The Supreme Court reversed the Ninth Circuit, holding that the "mere fact that [the defendant's] conduct affected plaintiffs with connections to the forum State does not suffice to authorize jurisdiction." Id. at 1126. The relations between the defendant and the forum "must arise out of contacts that the defendant himself ' creates with the forum State" and "the plaintiff can-not be the only link between the defendant and the forum." Id. at 1122. Because the only connection between the defendant DEA agent and Nevada was the fact that his conduct affected Nevada residents, the Supreme Court held that the Nevada court lacked personal jurisdiction. Id. at 1126.
Applying Walden to AgJunction's theory of personal jurisdiction here, AgJunction's allegations that Hunt and Dedmon could foresee that their conduct would harm a Kansas company are insufficient, on their own, to confer jurisdiction. See also Advanced Tactical Ordnance Sys., LLC v. Real Action Paintball, Inc., No. 13-3005, 2014 WL 1849269, at *5 (7th Cir. Jan. 7, 2014) (holding that any pre- Walden decision that implies that harming a plaintiff in the forum state alone creates minimum contacts "can no longer be considered authoritative."). Rather, the "proper question is not where the plaintiff experienced a particular injury but whether the defendant's conduct connects him to the forum in a meaningful way." Walden, 134 S.Ct. at 1125. After reviewing AgJunction's Complaint and its Opposition to Defendants' Motion to Dismiss, the Court has identified AgJunction's efforts to connect Hunt and Dedmon to Kansas and discusses each, in turn, below.
1. Defendants worked for AgJunction
First, AgJunction analogizes the facts of this case to Thermal Components Co. v. Griffith, in which our Court found that Kansas had specific jurisdiction over nonresident former employees of a Kansas company. 98 F.Supp.2d 1224, 1230-31 (D. Kan. 2000).

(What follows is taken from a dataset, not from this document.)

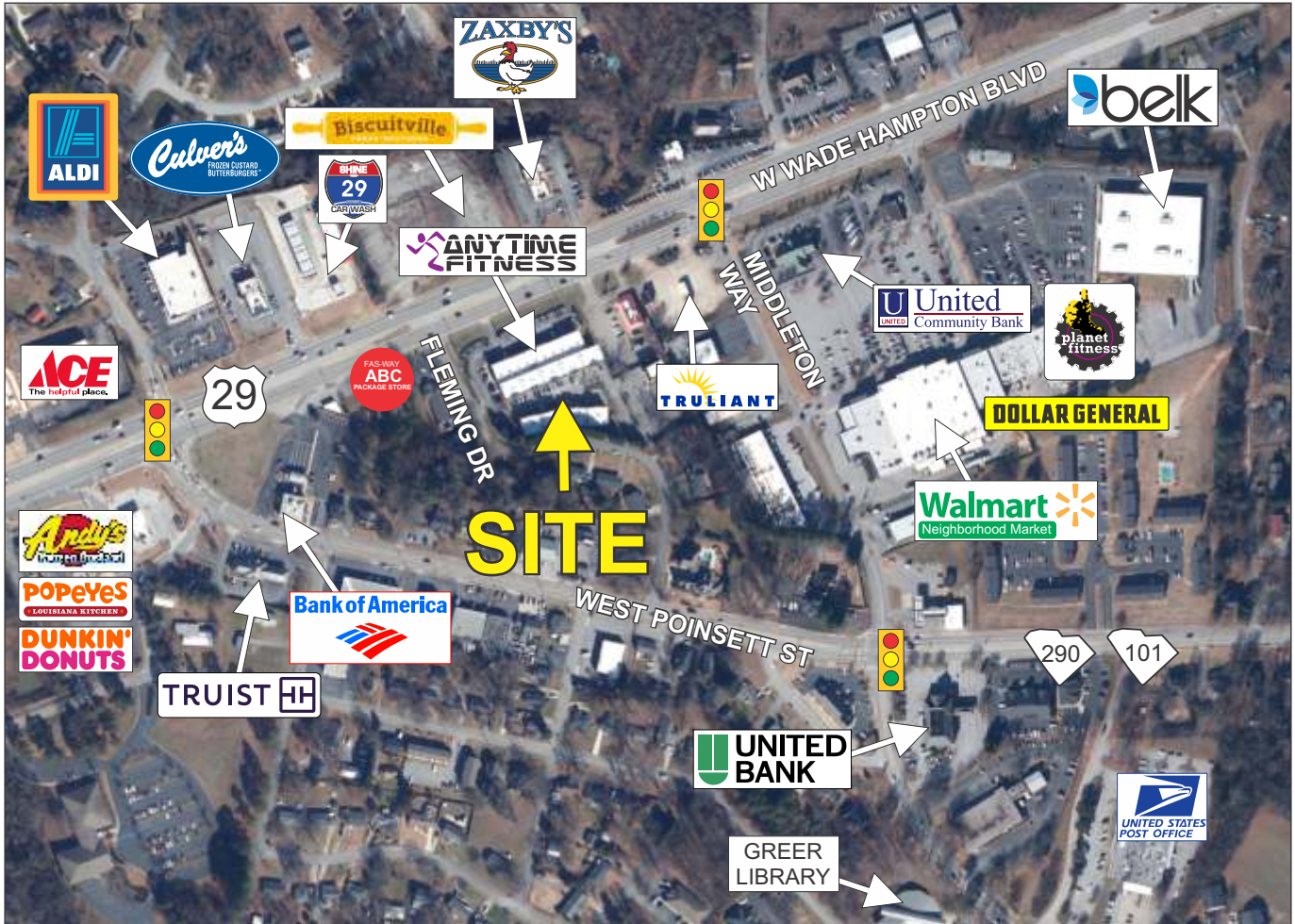
ACCESS FROM WADE HAMPTON BLVD. (HWY 29) OR FLEMING DRIVE

At the outset, AgJunction does not cite, nor has the Court found, any case holding that employment alone establishes jurisdiction in the state where the employer is headquartered. Rather, the employee must initiate other contacts with the state, beyond the mere fact of employment, for a court to exercise jurisdiction. See Keeton v. Hustler Magazine, Inc., 465 U.S. 770, 781 n. 13 (1984) ("[J]urisdiction over an employee does not automatically follow from jurisdiction over the corporation which employs him...."). In this respect, Thermal Components is different-the nonresident employees there had substantially more contacts with Kansas than the employees in this case. The Thermal Components employees maintained regular contacts with the Kansas office "by telephone, mail and electronic data communications, " and each defendant was physically present in Kansas at some point in their tenures as employees. 98 F.Supp.2d at 1229-30. The Court also noted that the employees' "payroll and benefits records were maintained and processed by plaintiff's Kansas office." Id.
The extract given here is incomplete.